The scientist responsible for some of the Pentagon's wildest research has devised methods that could one day save trauma patients, and even extend the shelf life of transplant organs. Step one: Suffocate the wounded. Step two: Put ‘em on ice.
Mark Roth, a biochemist at the Fred Hutchinson Cancer centre, has been working on suspended animation - inspired by the processes of animal hibernation - for years now. In 2005, with funding from Pentagon far-out research arm Darpa, Roth managed to reanimate rats suffering from massive blood loss, using hydrogen sulfide to knock them out and curb their oxygen consumption.
Since then, Roth has made significant progress. His hydrogen sulfide procedure has completed phase 1 of the three clinical trials required before FDA approval. And he's moved onto a new, related method that could boost trauma survival even more effectively.
"A lot of animals hibernate through the winter, and they share two key features: They get really cold, and they use very little oxygen," he tells Danger Room. "So we wanted to know ‘what's the relationship between those two features'"?
By studying brewer's yeast and nematode worm embryos, Roth and his team determined that "a coordination of life processes," reacted in sync - and kept the organism alive - after oxygen was reduced and their temperatures were lowered. In his tests, 66 percent of the yeast and 97 percent of the nematodes outlasted the cold exposure - and were good as new, once reheated and exposed to oxygen.
Though the precise mechanism by which the process works hasn't been pinpointed, the team observed that "certain sub-cellular processes are going on, but really shouldn't be," Roth says.

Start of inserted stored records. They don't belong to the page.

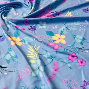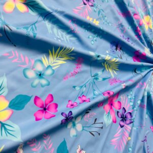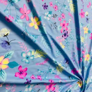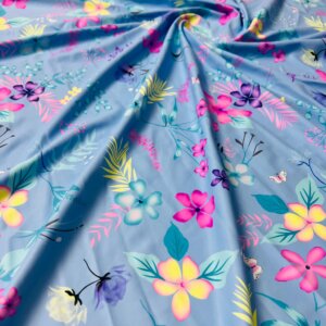 Small Colorful Flowers Purple Background Print Nylon Lycra Spandex Fabric 4 Way Stretch By Yard for swimwear dancewear gymwear sportwear dress (279-3)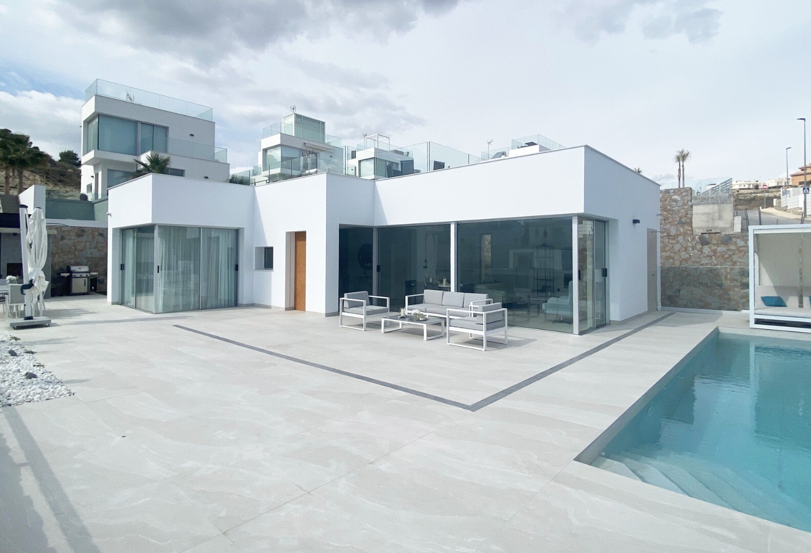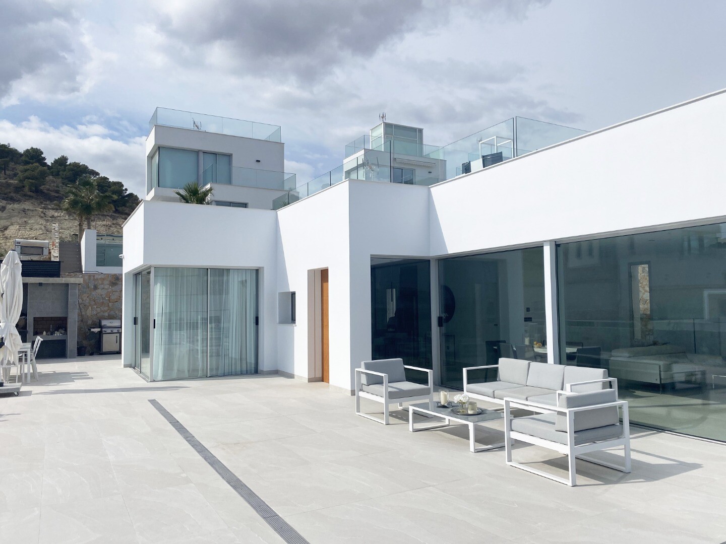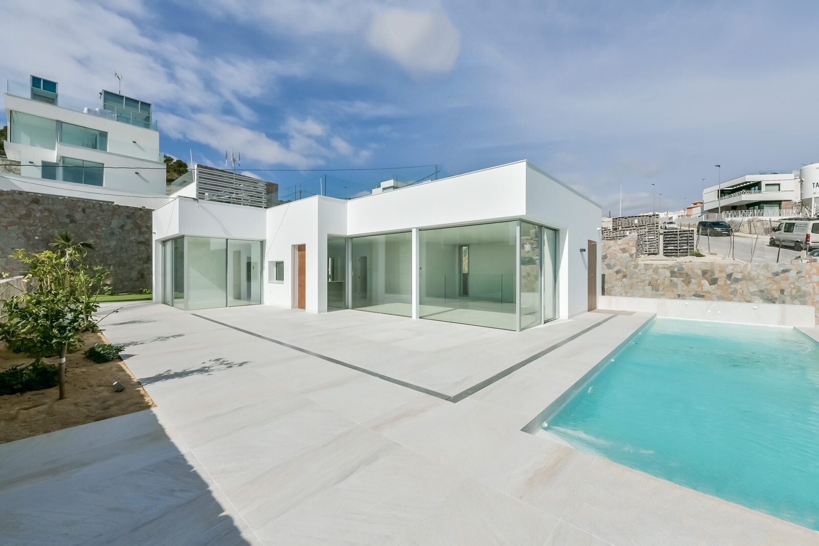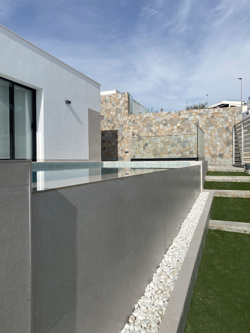 Uprzywilejowane środowisko i tylko 5 km od morza. Projekt łączący widok na morze, światło i specjalny projekt oparty na prostych liniach, jasnych kolorach wykończenia i dużych oknach. Willa typu P-2: Piwnica podzielona jest na 2 sypialnie, 1 łazienkę i część wielofunkcyjną (salon, kino, siłownia). Parter składa się z kuchni-salonu o powierzchni ok.... 44 m2. z dostępem do tarasu, 3 dwuosobowe sypialnie i 2 pełne łazienki (1 z łazienką). Zawiera również basen, ogród z drzewami, altanę i parking na 2 samochody.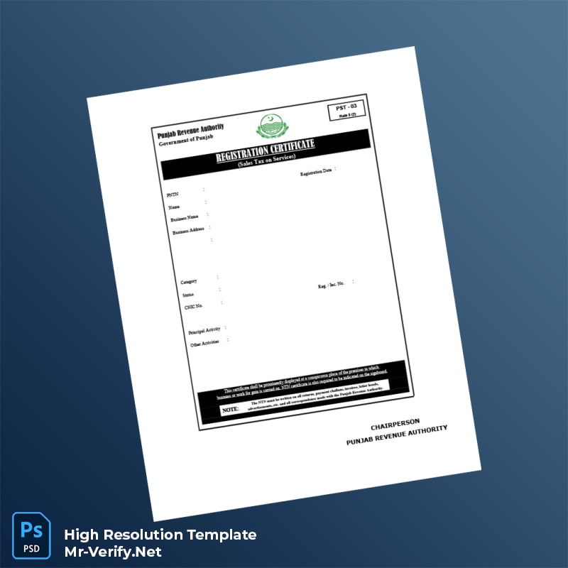 This Pakistan Punjab Revenue Authority Registration Certificate Word and PDF Template is the perfect tool for companies requiring certified, editable templates to maintain business legitimacy. Whether you need to replace a lost certificate, update details, or prepare new registration documents, this template delivers reliability and professionalism at your fingertips.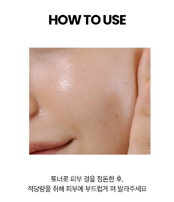 토너로 피부 결을 정돈한 후 적당량을 취해 피부에 부드럽게 펴발라주세요.

Roth's Darpa-funded research might come in handy as he works out the kinks in this new procedure. Since hydrogen sulfide reduces an organism's consumption of oxygen, it might be just the compound to use prior to putting people, or organs, into the deep freeze.
Once mastered, the method would buy time for trauma patients, including heart attack victims and those suffering massive blood loss. Of course, that's where the Pentagon's interest lies: keeping injured troops alive until they can get adequate medical treatment.
It could also help doctors make the most of therapeutic hypothermia, the process of cooling down patients with the intent of improving their odds of survival and preventing brain and organ damage. Roth foresees a drug that could combine the right sequence of oxygen deprivation and hypothermia, without dangerous side effects that can accompany the procedure.
Not only could Roth's research save lives and revolutionize organ transplant surgeries, but it also pares survival down to its smallest iota. "The underlying relationship between living and dying," Roth says, "really has to do with this proper order of these cellular relationships."